IDC Reveals Fastest Growth for IT Outsourcing Services Will Be in Government, Financial Markets, Services, and Discrete Manufacturing
FRAMINGHAM, MA – NOVEMBER 11, 2003 – The market opportunity for IT outsourcing services can differ significantly depending on the vertical industry, a new report from IDC reveals. The new report, which presents the five-year forecast for the U.S. IT outsourcing market within 16 vertical markets, indicates a range in the compound annual growth rate (CAGR) from 3.5% in communications/media and education to 7.4% in government.
While some verticals have been more severely impacted by the downturn in the economy, other industries have continued to spend on technology and related IT outsourcing. IDC’s research shows that the largest U.S. consumers of IT outsourcing are discrete manufacturers and the government.
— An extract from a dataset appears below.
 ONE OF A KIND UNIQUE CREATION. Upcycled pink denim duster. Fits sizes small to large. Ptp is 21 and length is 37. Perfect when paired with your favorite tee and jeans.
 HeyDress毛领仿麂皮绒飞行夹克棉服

In terms of the fastest-growing markets over the five-year forecast period, some of the better opportunities will be with the government, financial markets, services, and discrete manufacturing industries.
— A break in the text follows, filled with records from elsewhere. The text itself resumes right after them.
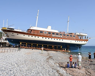Mavi yolculuklarda genellikle zengin turistlere hizmet veren ve boyları 45-50 metreyi bulan lüks ahşap yatlar, bazılarının donanımlarında yenilikler yapılıp özenle yeni sezona hazır hale getirilerek, kızaklar üzerinde Ege'nin mavi sularına indiriliyor.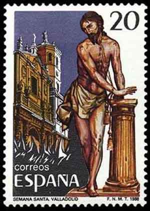 Description | Grandes fêtes populaires espagnoles - Semaine Sainte, à Valladolid - Vue de la cathédrale et statue "Jésus à la colonne". |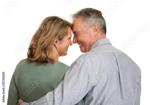 couple, senior, back, elderly, love, tenderness, smiling, portrait, woman, man, mature, happy, married, male, female, lady, loving, caucasian, people, person, old, aged, year, retired, retirement, age, old age, casual attire, lifestyle, 60, life, insurance, golden age, healthy, background, care, romantic, 2, together, pensioner, isolated, white, isolate, family, looking, each, other, lover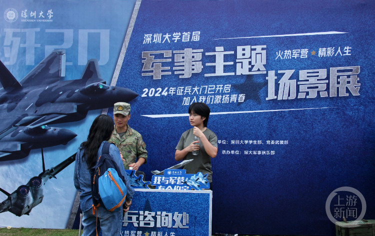 深圳大学官网介绍,5月20日-26日期间,深圳大学在粤海、丽湖两校区先后开展征兵主题活动,活动由深圳大学学生部、武装部主办,深大军事俱乐部承办。在深圳大学粤海校区活动现场设置了歼-20战机模型参观及驾驶舱上机体验、95式步枪模拟射击体验、“我与军营有个约定”主题“打卡”和征兵咨询等活动。

“For the most part, outsourcing does not need to be ‘verticalized,’" said David Tapper, program manager for IDC’s IT Outsourcing and Utility Services research. “We tend to think about the need to verticalize an outsourcing offering as following an 80/20 rule – about 80% of an outsourcing offering is applicable to all vertical markets and about 20% needs to be modified for the specific needs of an industry.”
Key findings presented in this report include the following:
Service level agreements (SLAs) around security and high availability are two components of the IT outsourcing contract that often need to be adjusted to match the industry's sensitivity to uptime and security of information.
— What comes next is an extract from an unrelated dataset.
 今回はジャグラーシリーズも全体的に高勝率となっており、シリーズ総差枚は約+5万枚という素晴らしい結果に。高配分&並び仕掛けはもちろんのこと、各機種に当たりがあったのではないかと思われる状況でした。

The scope of the outsourcing contract can vary by industry according to the type of IT infrastructure the industry has in place and what the industry is seeking to outsource. For example, outsourcing mobile devices is more important to the healthcare and auto industries than it is to the professional services or financial services industries.
Industries that are likely to outsource include those industries with low margins, poor access to IT talent, or a need to access the latest IT technology.
On-demand services are displacing traditional IT outsourcing contracts. A separate vertical assessment needs to be made for on-demand outsourcing services as the vertical market drivers for on-demand services vary from those of traditional IT outsourcing contracts.
IDC remains optimistic about the IT outsourcing marketplace, particularly after 2003. To leverage market opportunities, IDC believes IT outsourcers should develop service contracts that can support customers' needs to meet changing business requirements. In addition, as part of an outsourced offering, IT outsourcers need to provide offshore capabilities to ensure that they can cut costs and meet customer requirements. However, outsourcers need to align their offshore strategies with regulatory considerations and customer sensitivities to offshore preferences.
This study, U.S. IT Outsourcing Forecast and Analysis by Vertical Market, 2003-2007, (IDC #30269) presents the five-year forecast for the U.S. IT outsourcing market within 16 vertical markets. The purpose of this study is to identify recent trends that are influencing the IT outsourcing opportunities within vertical industries thus far in 2003 and discuss their impact on the five-year forecast period.